Así las cosas, el educador enfrenta una carga titánica. ¿Se la puede exonerar? No se trata de exonerarse de tantas funciones, no es pereza como algunos se atreven a decir. La escuela requiere contar con los profesionales y recursos necesarios para que pueda cumplir con las cargas que cada día se incrementan sobre ella y, así, los resultados sean los que la sociedad urgentemente requiere.
Hoy tenemos una escuela víctima del sistema, con una gran carga de responsabilidades, que al ahorrarse los profesionales y recursos requeridos, han terminado siendo una sobre carga laboral al docente y por ende, impedimento a su verdadera labor pedagógica y afectación a su salud. ¿Quién piensa en el maestro(a) y su salud física y mental?

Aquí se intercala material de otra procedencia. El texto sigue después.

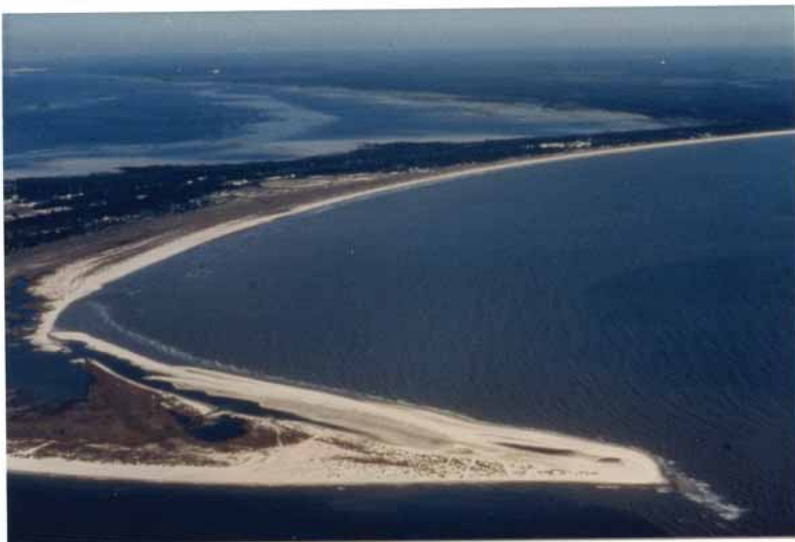
FIGURE 4. Cape San Blas, November, 1984 (K. R. Bodge)

En este punto, seguro se preguntarán, ¿y las familias de los estudiantes? La mayoría de ellas están muy ocupadas, consiguiendo el sustento diario y, no tienen, a veces, el tiempo ni la voluntad de estar más cerca de sus hijos, dialogar con ellos, abrazarlos, supervisar sus tareas y cumplir su papel insustituible como núcleo de la sociedad.
Tan es así, que algunos adolescentes, contado por ellos, duran hasta la madrugada literalmente pegados al celular, mientras los padres duermen, sin darse por enterados. En la escuela a estos estudiantes se les ve soñolientos, cansados y desinteresados. ¿Así quién aprende?

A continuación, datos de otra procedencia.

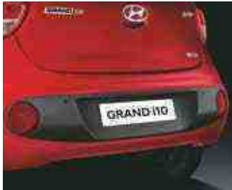
Dual Tone Rear Bumper

Ese entorno bastante hostil no afecta solamente a los educandos y educadores, sino también al proceso de enseñanza-aprendizaje que se ve fuertemente impactado, incluso minado, en los estudiantes. ¿Resultado? Una educación de segunda clase que condena a nuestros adolescentes en un futuro muy cercano, a ser mano de obra de bajo costo, sumisa e incapaz de pensar y menos de entender y transformar su dura realidad.
Con este panorama educativo, ser educador(a) en una escuela pública en nuestro país, se convierte en un acto de resistencia y resiliencia. Los docentes enfrentamos cada día no solo el desafío de educar, sino la necesidad urgente de ser agentes de cambio en un sistema al que no le interesa que la gente aprenda a pensar. ¿Cómo hacerlo? Es nuestro gran compromiso y reto pedagógico y político.
La lucha por la dignidad de la escuela, de sus maestros y de sus estudiantes es la lucha por una buena educación, y no es en vano ni puede ser un hecho aislado o casual. La lucha por una educación donde enseñar no sea un acto heroico, sino una labor de reconocimiento y dignidad y, desde luego, el camino más prometedor hacia una nación donde la educación sea no solo un derecho en el papel o en cifras, sino la garantía de una ciudadanía activa.